The LLRC report pronounces itself “satisfied that the military strategy to secure the LTTE [Tamil Tiger] held areas was one that was carefully conceived, in which the protection of the civilian population was given the highest priority.”
If there is not now a proper, independent investigation, carried out by internationals and under UN auspices, an atrocity will have been met with impunity, and that is a dire precedent for a government dealing with an internal conflict.
If such an investigation is now ordered – with support from countries like Australia – and if that results in, say, indictments by the International Criminal Court, would they do any good, in the context of the overall conflict?

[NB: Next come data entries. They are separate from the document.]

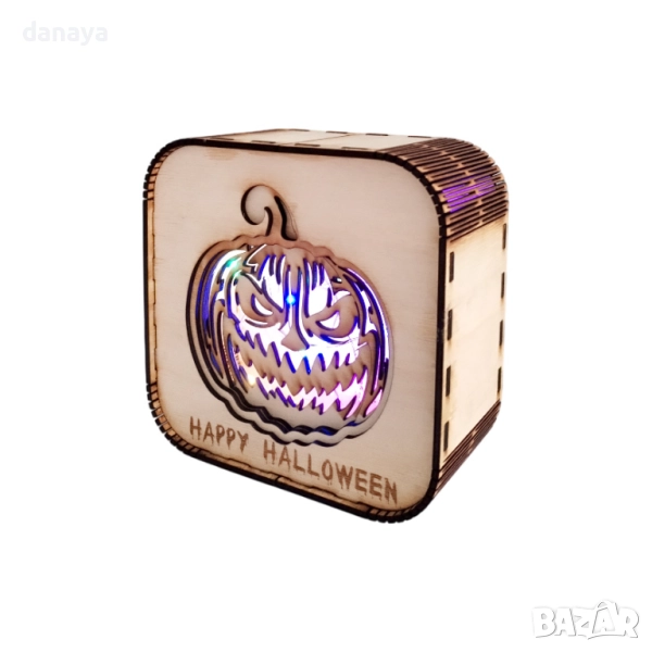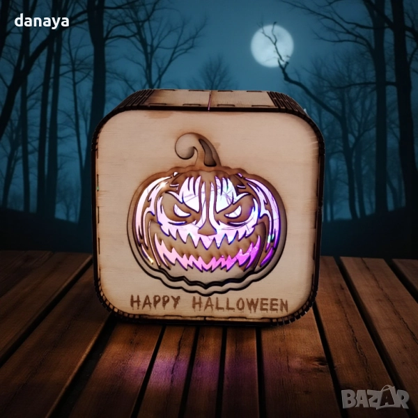 Създайте неповторима атмосфера за най-страшния празник с тази светеща Хелоуин декорация тиква. Декоративната лампа е изработена от дърво с изрязан орнамент на страховита тиква и надпис Happy Halloween, която свети в различни цветове с помощта на LED светлина. Подходяща е за украса на дома, офиса или заведение, като създава мистериозно и ужасяващо настроение.
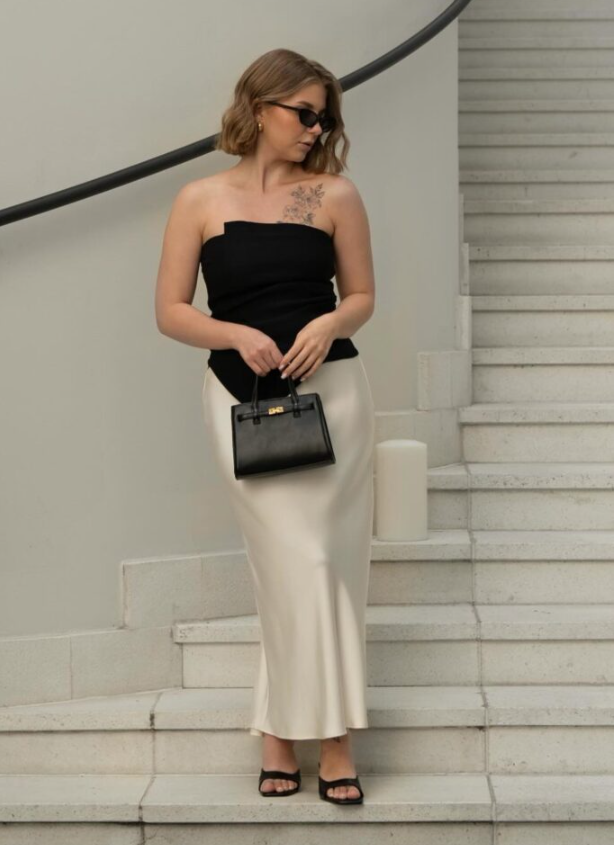 Black strapless top, cream satin skirt — light meets dark, casual meets chic. Add sandals and a bag, and you’ve got a day-to-night outfit.
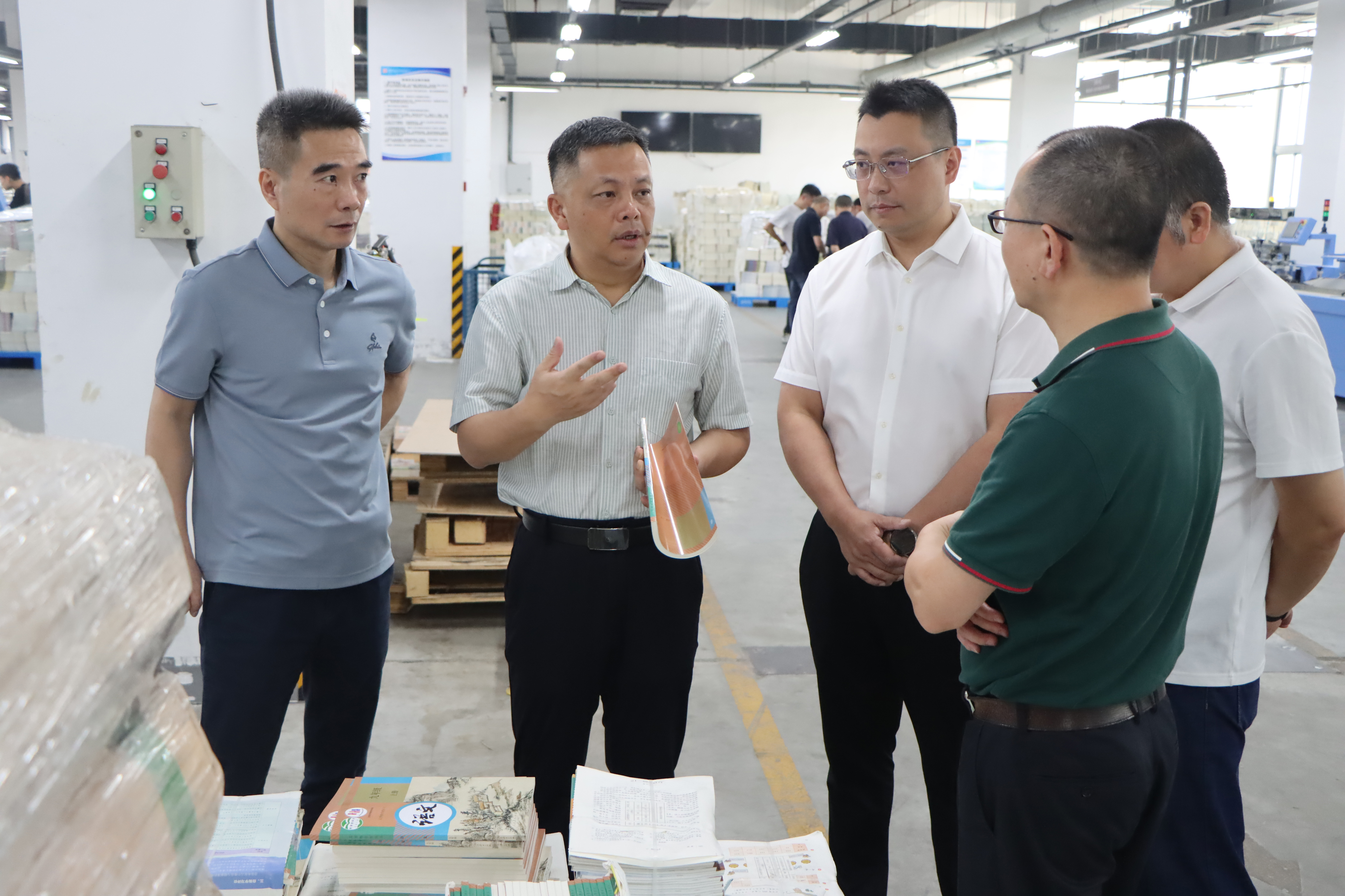 会前,谢兴权一行深入车间实地调研2024年秋季教材教辅印制工作。由于今年秋季教材有效生产周期较去年大幅缩减,时间紧、任务重,质量标准严、社会关注度高,给印制工作带来严峻挑战。印务集团加强资源统筹、人员协作、产能调度,持续提产能、优质量、保安全,带领职工加班加点、夜以继日,用心用情用力打造精品教材。谢兴权详细了解了2024年秋季教材印制工作开展情况,对大家的辛苦付出表示肯定与感谢,反复叮嘱大家在坚决落实政治任务,确保在规定时间内完成秋季教材印制任务的同时,要做好高温天气下一线员工防暑降温工作,注重劳逸结合,确保以健康的身体状况来高效完成政治任务。
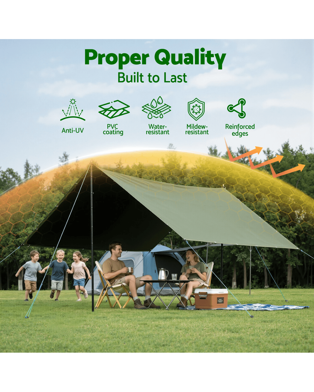 Crafted from heavy-duty 600gsm silicone-coated canvas with a thick PVC layer, this robust tarp is built to last. The solid 0.5mm thick green material is not only visibly tough but also fully waterproof, UV-resistant, and anti-fade, standing up to extreme heat and deep cold without failing. Reinforced edges and corners, along with heavy-duty steel eyelets, ensure secure and hassle-free tie-downs. Come wind, rain, or harsh sun, this tarp delivers unwavering performance.
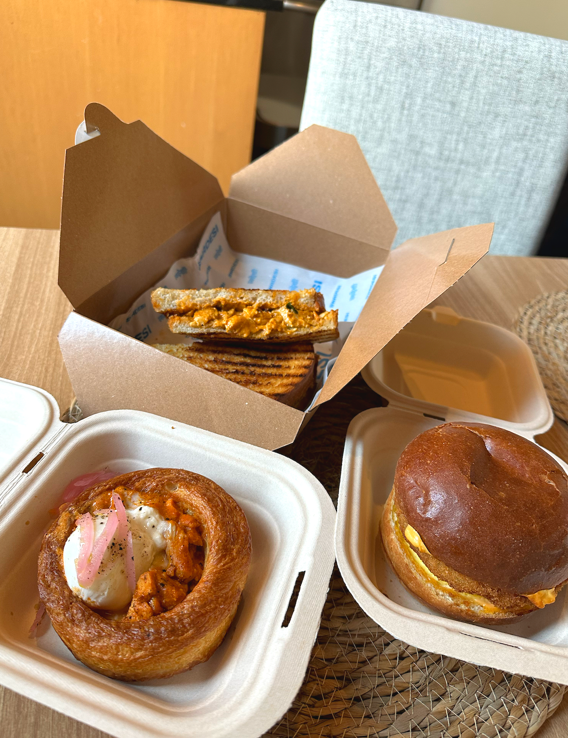 Food - Butter Chicken Croissant, Chicken Tikka Toastie, and Breakfast Sandwich: These savory pastries were absolutely delicious. There were many items on the menu that I wanted to try, but these 3 stood out to me the most and I am very glad we picked them. The Butter Chicken Croissant (left) was flaky and soft, and the burrata with the pickled onions mixed in with the butter chicken gave it a refreshing and balanced bite. The Chicken Tikka Toastie (middle) was so flavorful. The sandwich had a cilantro and mint mayo that gave it that same balanced bite. The Breakfast Sandwich (right) was an elevated classic breakfast sandwich. It came with a crispy potato tikki which was a crispy hashbrown and a spicy garlic mayo. I loved all three of these and I will definitely be going back to pick up pastries from here in the future.
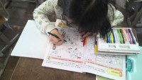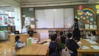 お話を聞いて好きな場面を選び,お話から想像したことを絵に表します。とても素敵なお話の世界が画用紙の中に広がっています。
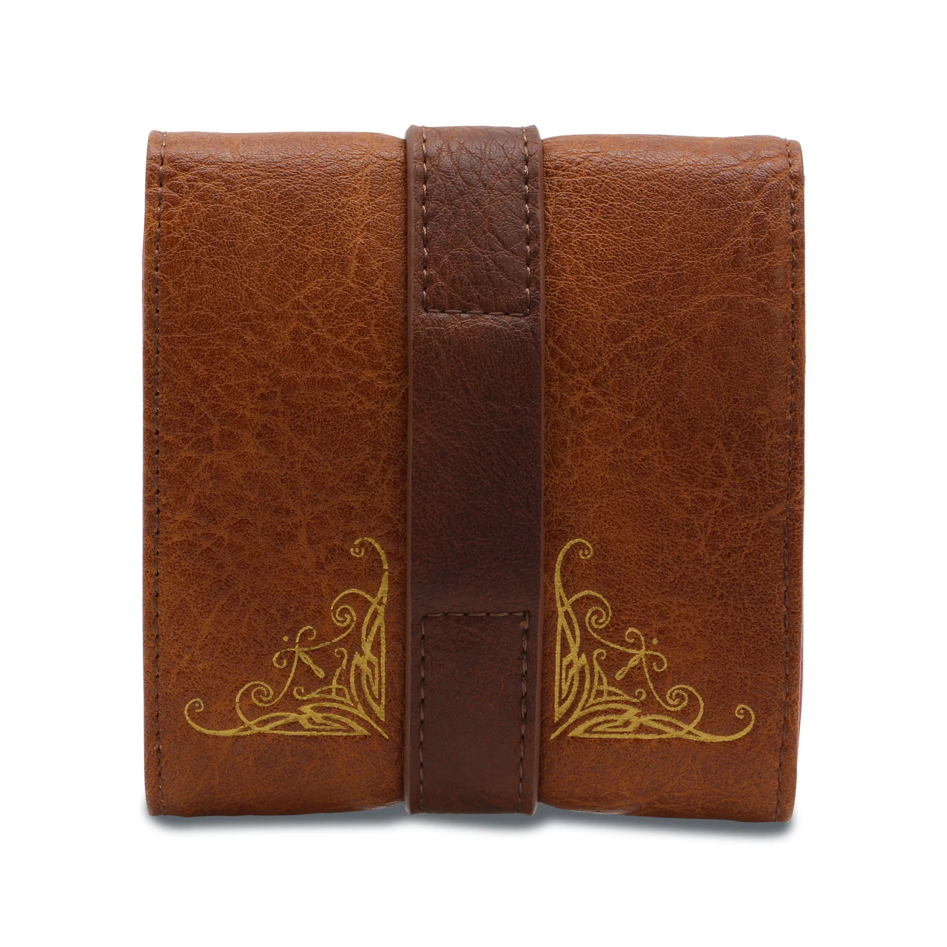 Je kostbaarste verdient een waardig schuilplaatsje: deze officieel gelicentieerde In de Ban van de Ring-portemonnee houdt je muntjes, briefgeld en pasjes bij elkaar – zonder duistere bijwerkingen. De drukknoopsluiting draagt het embleem van De Ene Ring en binnenin vind je een reliëflogo plus het motief van het Reisgenootschap. Dankzij de riemlus draag je ’m als een echte ranger gewoon aan je riem – perfect voor festivals, cons of elke dag. 5 kaartsleuven, een apart muntvak met drukknoop en afmetingen van 10,5 x 3 x 11 cm maken het af. Grijp ’m voordat Gollum dat doet.

How Australia should respond
The Tamils’ political aspirations have not gone away – drawing, as they do, on a historically transmitted and continuing collective experience of injustice. The Tamil National Alliance, which campaigns for strong regional autonomy, swept the board in recent local elections in the country’s north.
The demand for self-rule will have to be treated in some substantive way, if further violence in future is to be avoided. If Rajapaksa and senior colleagues were under threat of arrest, then prosecutions could be deferred as an incentive to negotiate, in good faith, on Tamil rights and freedoms. Criminal justice would have been traded off against political justice.
How will Australia respond? When, shortly before his failed leadership bid returned him to the back bench, I asked Kevin Rudd that question, he promised that his then department would be “mindful of the contents” of the UN report, and compare it with Sri Lanka’s own, when deciding what to do.
The theme of his remarks that evening was that Australia stands to benefit from an international order based on the rule of law. There could not be a more compelling case to put that principle into action.
Jake Lynch is Associate Professor and Director of the Centre for Peace and Conflict Studies at the University of Sydney.